Courtesy of Bruce Krasting

The Build America Bond program will be a topic of discussion today when Obama meets with Congressional Republicans. Like the Bush tax cuts the enabling legislation for BABS is set to expire in a month. I don’t think the BABs extension is going to meet with any opposition. While it is a side show to the tax issue; BABs is probably more important. If it isn’t extended there is going to be a blowout in the tax-exempt Muni market. Should that happen you can kiss off any hopes of extending the economic recovery. Failure to extend BABs would trigger a (new) fiscal crisis for California. That would quickly spread to a few other key states.

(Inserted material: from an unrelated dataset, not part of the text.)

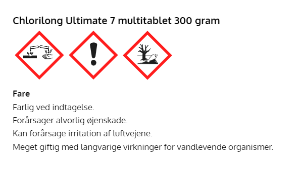 1 tablet til 30m3: Tabletten indeholder ”stabilisator” og kloren er beskyttet mod nedbrydning af solens uv stråler og det giver store fordele – mindre klorforbrug og længere intervaller mellem dosering – en rigtig god løsning.

BABs are taxable securities that offer municipal/state issuers a 35% subsidy on interest costs. The subsidy was supposed to be revenue neutral at the federal level. The theory was that the average tax revenue would be close to the 35% paid out. It hasn’t worked like that. The BABs bonds paid a nice yield and were gobbled by investors whose tax rate was closer to zero than the 35%. So the cost falls on the taxpayers and adds to the deficit. So which states are lining up deals that are fleecing federal taxpayers? Mostly Dead Beats (excluding Texas).

 

 

BABs creates a tax arbitrage at the expense of taxpayers and to the benefit of (largely tax exempt) investors. The subsidy works. It allows states to pay up in yield while at the same time achieve a net interest cost that that is acceptable. The WSJ had this to say about a Cali BABs deal last week:

The BABs were said to have attracted twice as many bids as the amount on offer, even after the state increased the size of the deal by $525 million because of the strong investor demand.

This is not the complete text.